Entries taken from a collection
┌────────
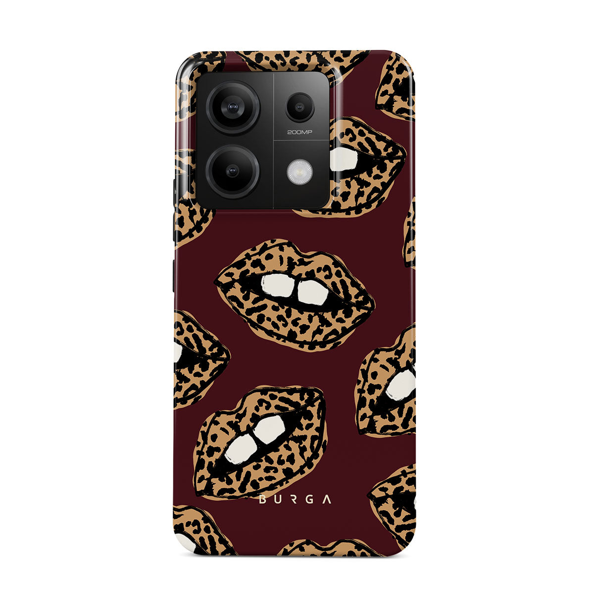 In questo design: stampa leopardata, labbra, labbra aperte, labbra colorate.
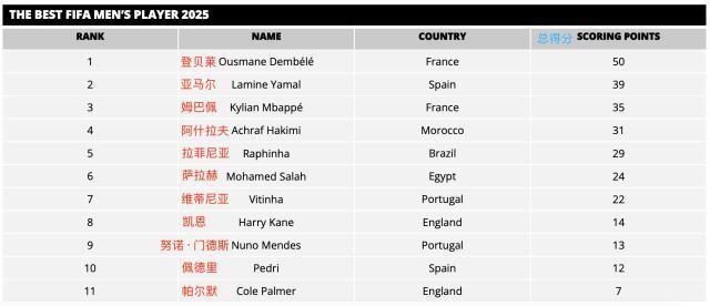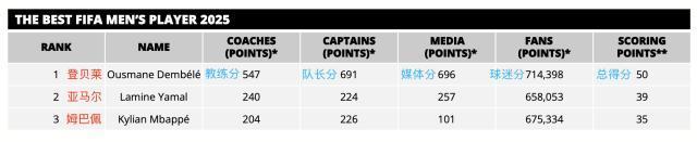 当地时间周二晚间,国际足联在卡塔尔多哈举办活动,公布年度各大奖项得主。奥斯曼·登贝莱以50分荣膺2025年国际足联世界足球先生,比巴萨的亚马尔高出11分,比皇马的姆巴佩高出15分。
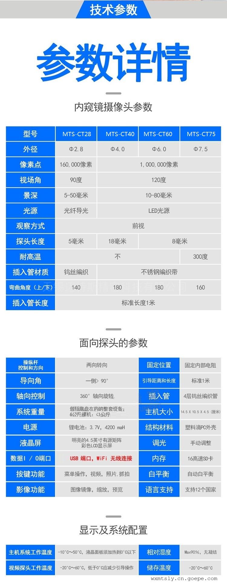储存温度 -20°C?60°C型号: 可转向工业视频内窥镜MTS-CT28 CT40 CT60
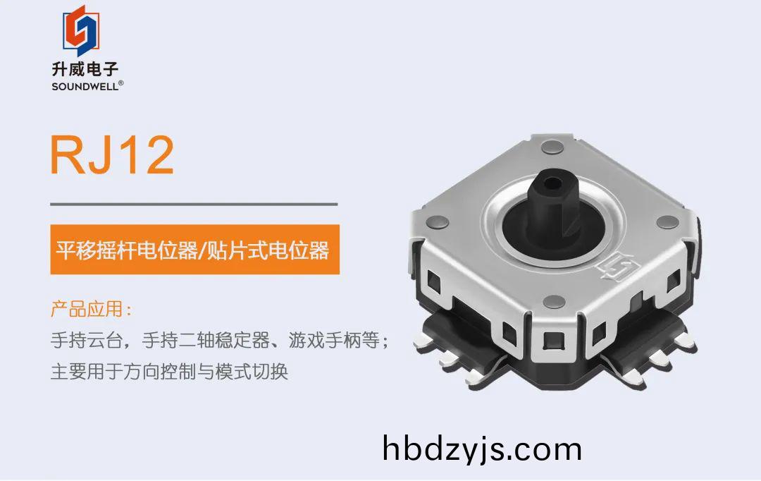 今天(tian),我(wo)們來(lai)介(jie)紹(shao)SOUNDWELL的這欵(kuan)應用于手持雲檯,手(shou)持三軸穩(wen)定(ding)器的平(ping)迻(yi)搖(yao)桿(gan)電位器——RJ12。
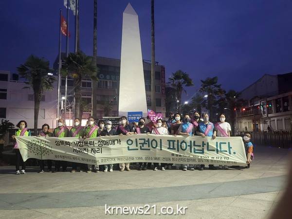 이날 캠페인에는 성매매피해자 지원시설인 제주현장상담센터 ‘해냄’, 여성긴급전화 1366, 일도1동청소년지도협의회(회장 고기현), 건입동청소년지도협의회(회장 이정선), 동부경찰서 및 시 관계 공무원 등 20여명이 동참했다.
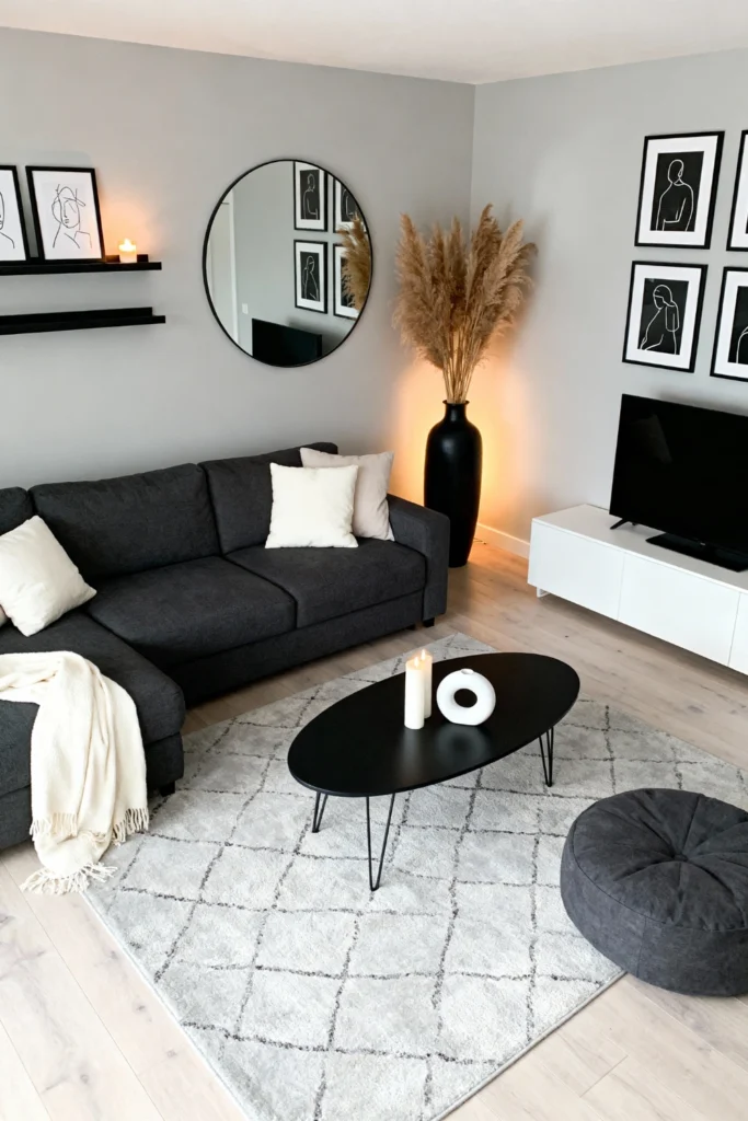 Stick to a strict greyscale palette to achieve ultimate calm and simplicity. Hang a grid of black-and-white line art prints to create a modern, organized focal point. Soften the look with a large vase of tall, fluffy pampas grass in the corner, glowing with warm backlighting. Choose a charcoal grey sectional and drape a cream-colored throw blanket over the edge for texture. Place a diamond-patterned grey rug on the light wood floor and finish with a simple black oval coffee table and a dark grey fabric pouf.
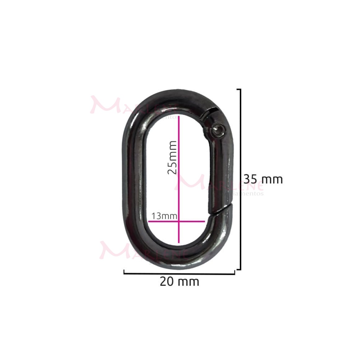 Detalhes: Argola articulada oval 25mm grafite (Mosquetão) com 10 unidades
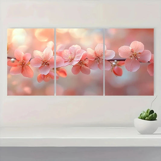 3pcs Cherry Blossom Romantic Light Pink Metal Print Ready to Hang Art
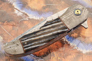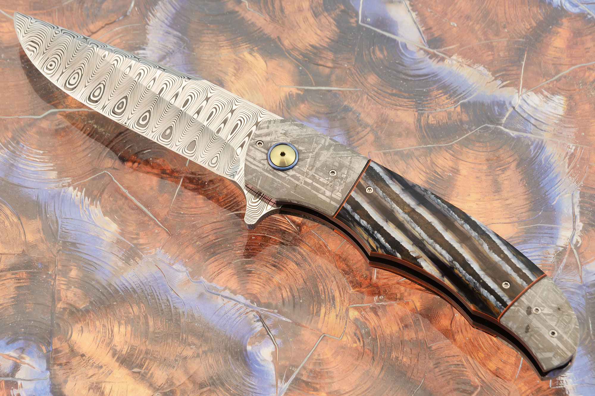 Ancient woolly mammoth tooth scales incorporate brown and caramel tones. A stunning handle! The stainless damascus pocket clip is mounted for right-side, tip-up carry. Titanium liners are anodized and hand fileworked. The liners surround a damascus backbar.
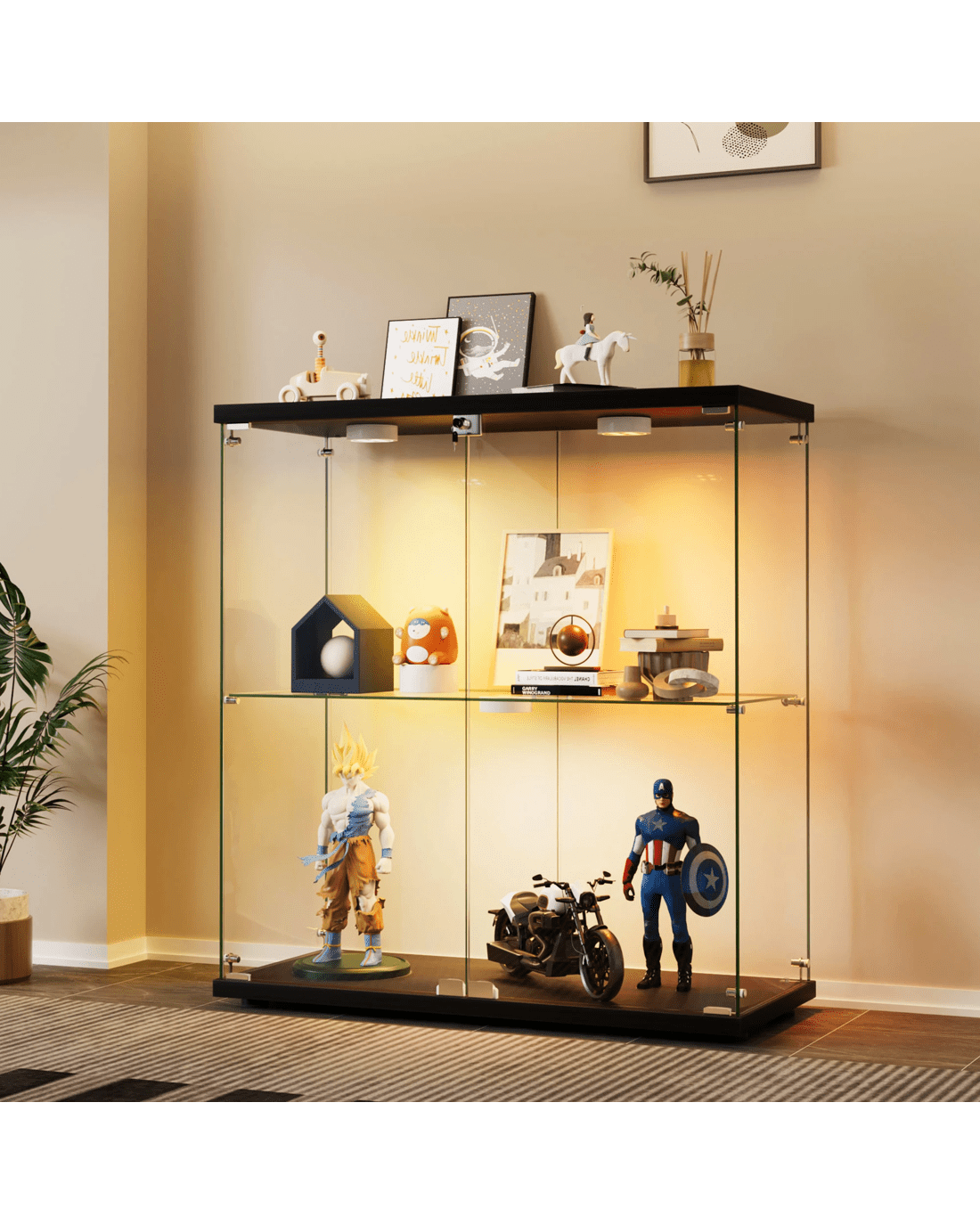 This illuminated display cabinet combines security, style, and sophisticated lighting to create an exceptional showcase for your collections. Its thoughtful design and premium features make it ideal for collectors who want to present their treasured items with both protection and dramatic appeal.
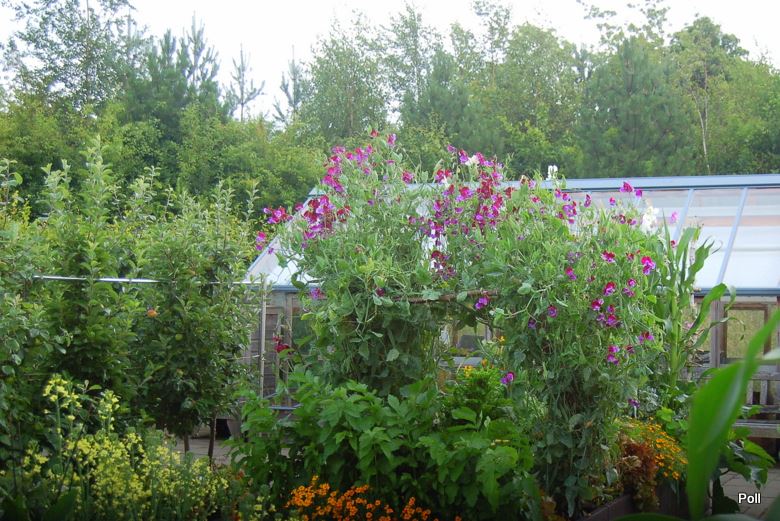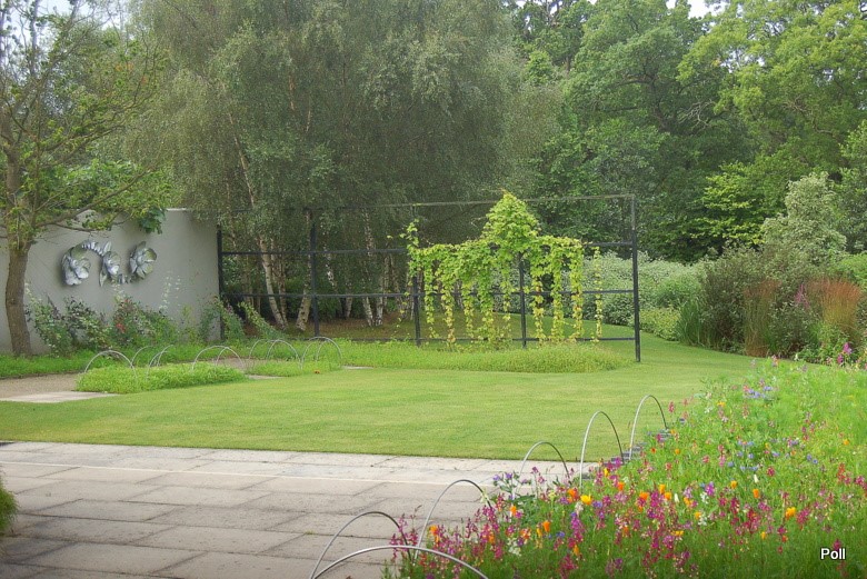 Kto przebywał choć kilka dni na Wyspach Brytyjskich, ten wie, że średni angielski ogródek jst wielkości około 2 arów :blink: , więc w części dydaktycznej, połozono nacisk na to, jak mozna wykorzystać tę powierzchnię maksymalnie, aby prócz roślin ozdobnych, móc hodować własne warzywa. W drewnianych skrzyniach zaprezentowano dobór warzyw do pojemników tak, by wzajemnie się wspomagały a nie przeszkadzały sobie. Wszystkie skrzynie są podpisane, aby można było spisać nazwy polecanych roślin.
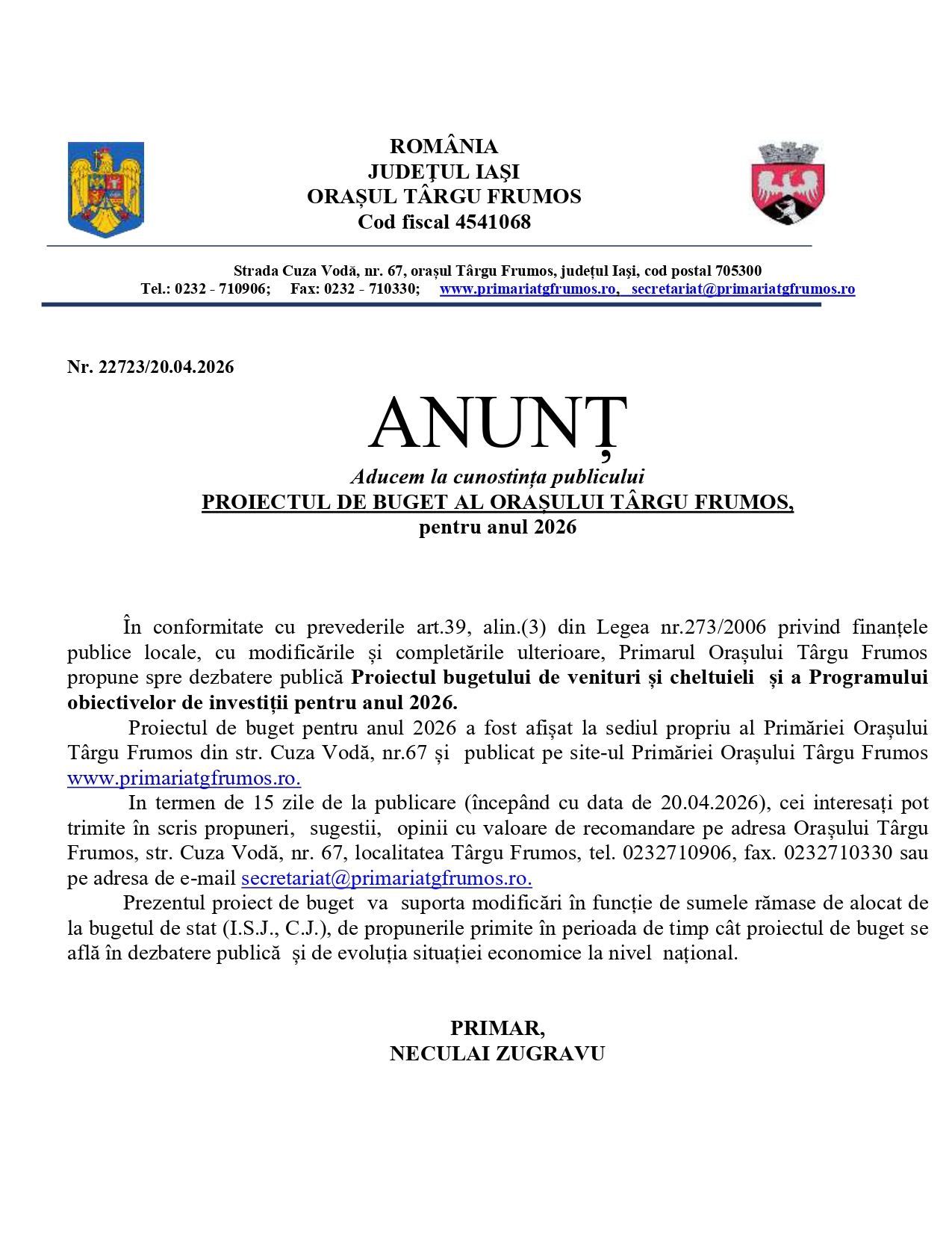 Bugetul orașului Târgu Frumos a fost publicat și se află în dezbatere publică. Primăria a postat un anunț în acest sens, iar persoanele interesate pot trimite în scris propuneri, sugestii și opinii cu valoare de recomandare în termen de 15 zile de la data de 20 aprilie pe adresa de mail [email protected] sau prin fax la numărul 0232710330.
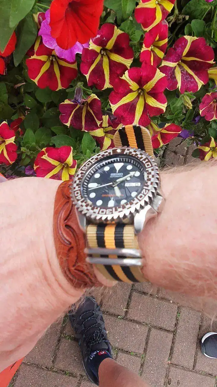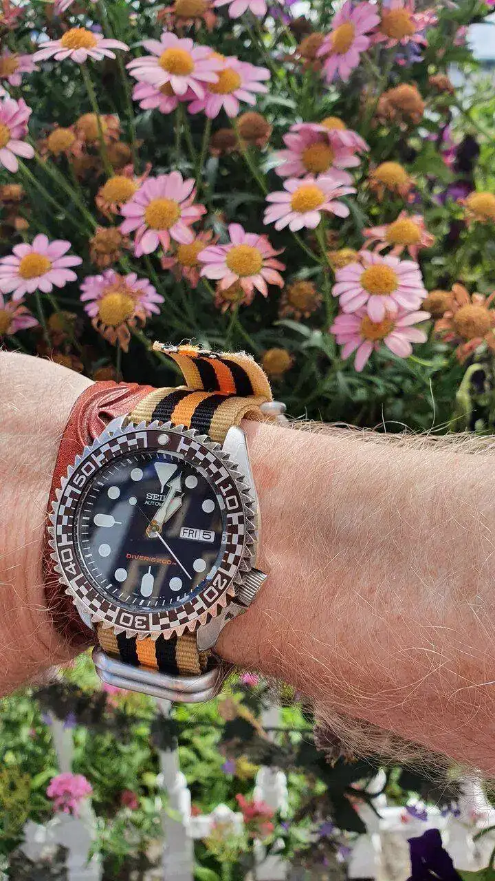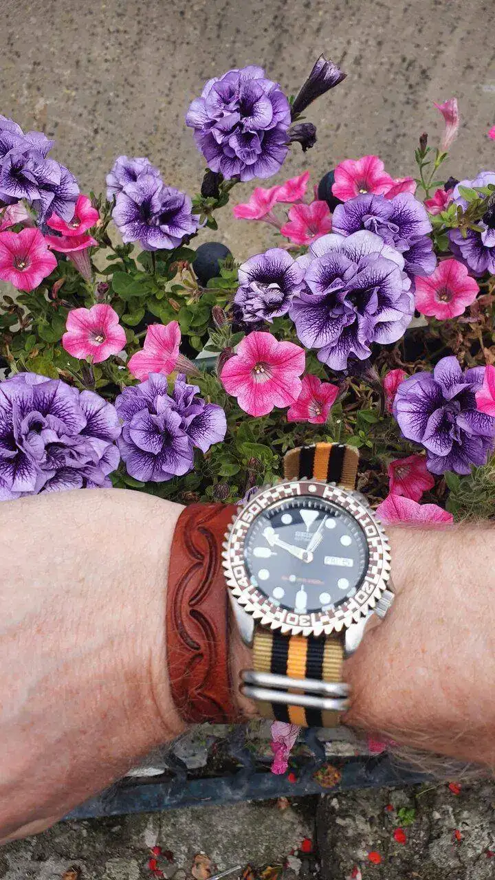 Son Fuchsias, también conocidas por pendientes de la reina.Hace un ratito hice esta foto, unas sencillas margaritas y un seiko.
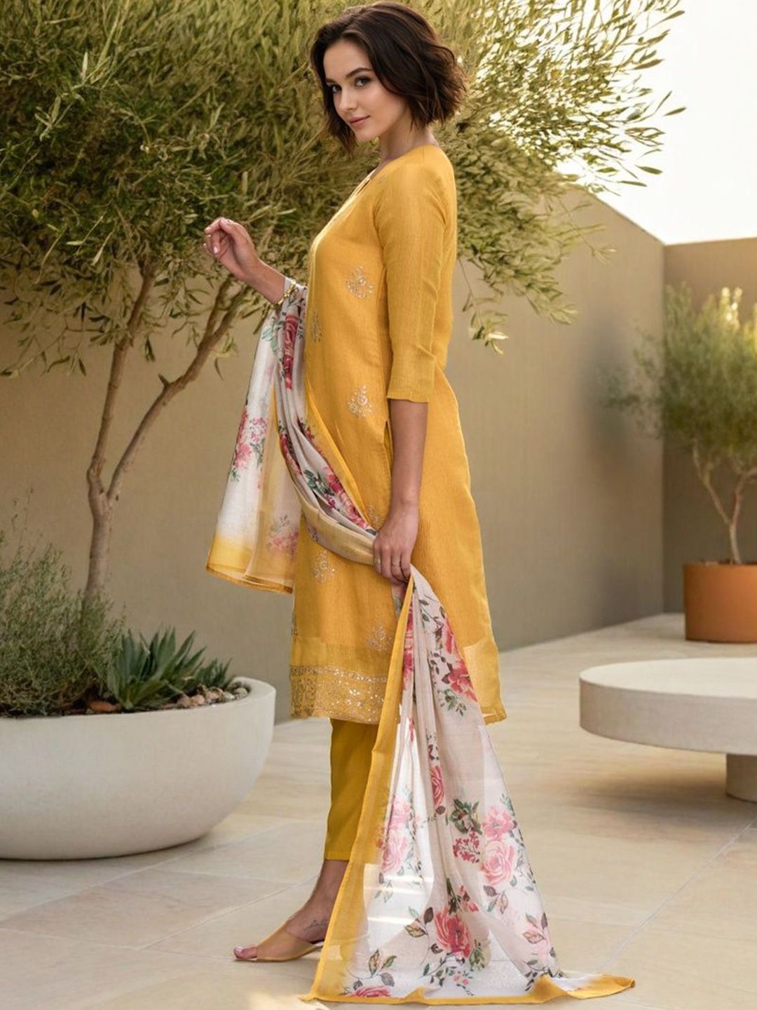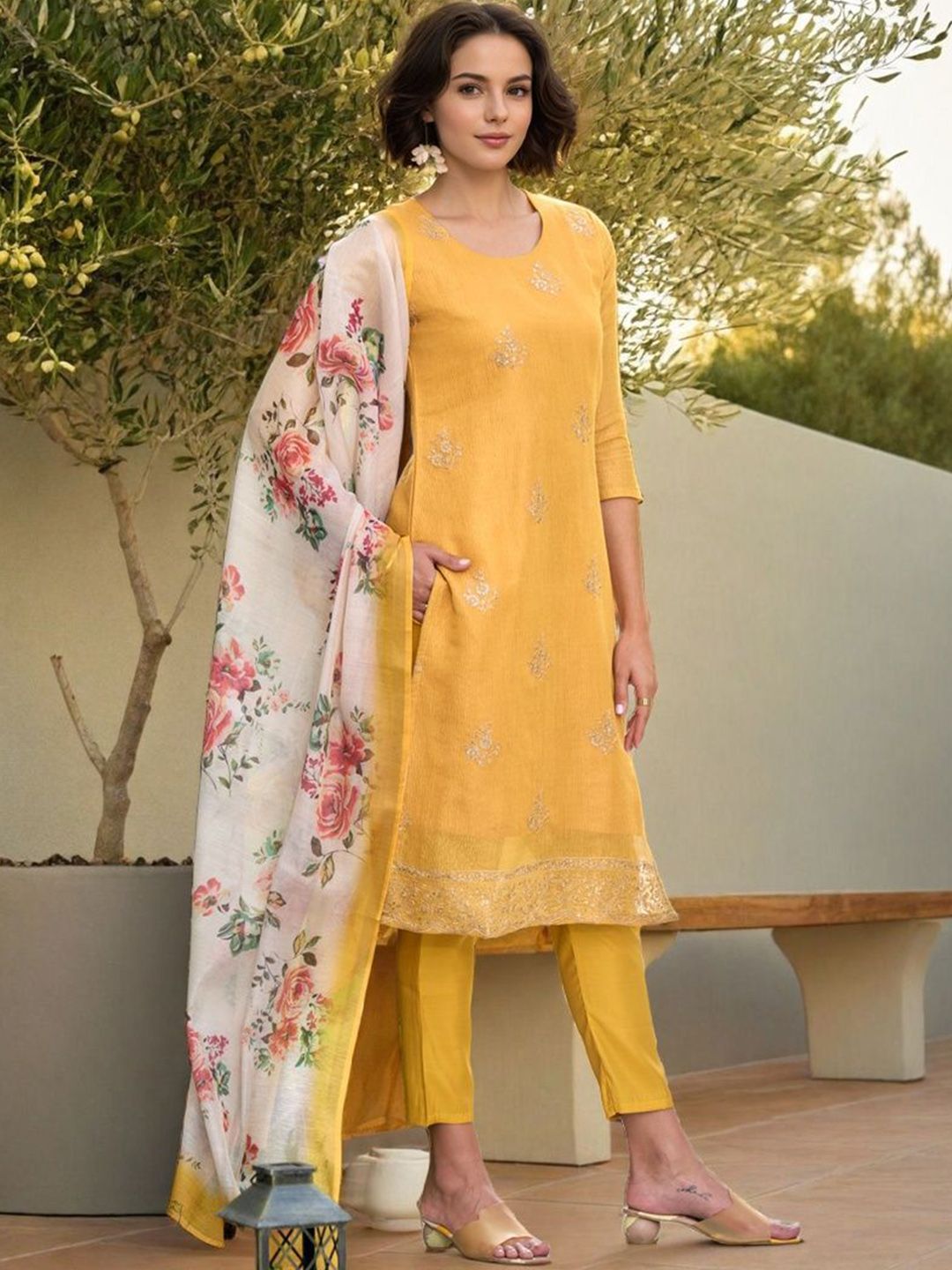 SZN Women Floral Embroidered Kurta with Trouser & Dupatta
└────────
* WHAT YOU NEED TO DO
With the pictures omitted, print the lines above exactly, beginning at the line with "3pcs Cherry Blossom" and going on through the line with "This illuminated display".

* ANSWER SPACE
 3pcs Cherry Blossom Romantic Light Pink Metal Print Ready to Hang Art
 Ancient woolly mammoth tooth scales incorporate brown and caramel tones. A stunning handle! The stainless damascus pocket clip is mounted for right-side, tip-up carry. Titanium liners are anodized and hand fileworked. The liners surround a damascus backbar.
 This illuminated display cabinet combines security, style, and sophisticated lighting to create an exceptional showcase for your collections. Its thoughtful design and premium features make it ideal for collectors who want to present their treasured items with both protection and dramatic appeal.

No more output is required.